Billy Joel song- A Matter of Trust
windy day song- A Matter of Gust
affair song- A Matter of Lust
push-up bra song- A Matter of Bust
Swiffer song- A Matter of Dust
rocket launch song- A Matter of Thrust
junkyard song- A Matter of Rust
deep dish pizza song- A Matter of Crust
REASONS TO BRING BACK DRAGONS
• can cook your toast
• would be a warm and wholesome nap partner
• riding one + your cloak fluttering behind you is epic
• they can scream companionably with you
• if you’re losing an argument, your dragon can just eat the person
My husband is with me every step of the way, in life, in love, in faith, in front of the kitchen drawer I need to get to
You can’t intimidate me; you’re not a hairbrush.
Omg Brad Pitt just followed me! How does he only have 14 followers?!?!
Sorry Taco Bell, but I came up with the Naked Chicken Chalupa before you did. Well actually Ambien did & I’m still banned from Taco Bell.
I said it out loud and I can’t stop giggling lmao
“It says on your profile you’re part of an orchestra? What instrument do you play?”
“Gun”
How inappropriate is it to ask a stranger to scratch your back? Need to know ten minutes ago.
I cannot stop laughing. Bungalow.
me: a weirdo broke into my house
cop: are you positive it was a weirdo
me: they stole all my jeff goldblum spoken word poetry albums so you tell me
the worst part of getting fired from the unemployment office is still having to go in the next day
[being strapped to a medieval torture table]
“tbh not what I thought you meant when you said you were going to show me a nice rack”
[stranded on Mars journal]
day 1: rob and I have enough oatmeal to last us 300 days
day 2: I ate rob
I caught a genie!

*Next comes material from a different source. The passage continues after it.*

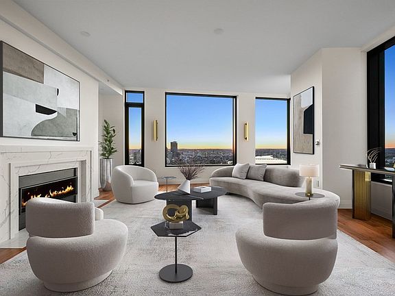 A sprawling 4600sq 5 bed + study, 6 bath residence in the sky offers the feel of a single family home with panoramic horizon views in the heart of downtown Boston, and 4 self-park garage spaces. A grand foyer welcomes you to a 22’x25’ living/dining with SW exposure overlooking the Charles and Back Bay to the left, and a 31’ W great room with sweeping views of the harbor/coastline to the right. 2 stone-surround gas fireplaces. Custom Scavolini kitchens, Carrara quartz counters, integrated Gaggenau appliances, wine cooler & wet bar. Primary suite has river views and marble ensuite w/ soaking tub. The Sudbury has 55 luxury condos starting on the 36th fl.. 25,000sf of amenities: outdoor heated pool w/ cabanas, 4500sf fitness center open 24/7, yoga studio, golf/sports simulator, outdoor dog run/pet spa, sky lounge/deck, chef's kitchen/private dining room & more. Homeowner exclusive amenities include a private lobby with 24/7 concierge, clubroom, and rooftop garden. 99 Walk |100 Transit

He keeps saying “I’m not a genie. Let me go!” Whatever, Ahmed. You can go when I get my magic carpet. I know my rights.
*survives trip to grocery store
*checks in as “safe” on Facebook
*summoning demonic forces to overthrow the zoo employees*
Tinder but it matches people that don’t know what they want for dinner with people who will decide what they get for dinner.
#parenting
My psychiatrist and I had a major breakthrough.
Now he can hear the voices too.
Emperor: Luke, kill Vader and become my apprentice.
Vader: But why? I’ve been loyal.
Emperor: Have you ever listened to yourself breathe?
astrology is complicated but asking someone what their sign is and then responding with “yeah, that makes total sense” is super duper easy
Someone gave my boyfriend a book about men getting the upper hand in relationships and I told him to let me read it since he knows how much I love fiction
Staying with my parents, pt. 17:
Me: Mom, one of your wigs is set up in your bathtub in such a way that it looks like a person is sitting in there. It’s terrifying.
Mom: …
Me. …you did that on purpose, didn’t you?
Mom: It scares your dad. He’s funny when he’s scared.
It’s a bit unnerving when “make chloroform” & “make friends” are the top suggestions as I type “how to” in the search engine…
“Hi, I’m calling for info on your bicycle on Craigslist.”
It’s heavy, brown, has new shoes, and loves carrots. It’s definitely not a horse.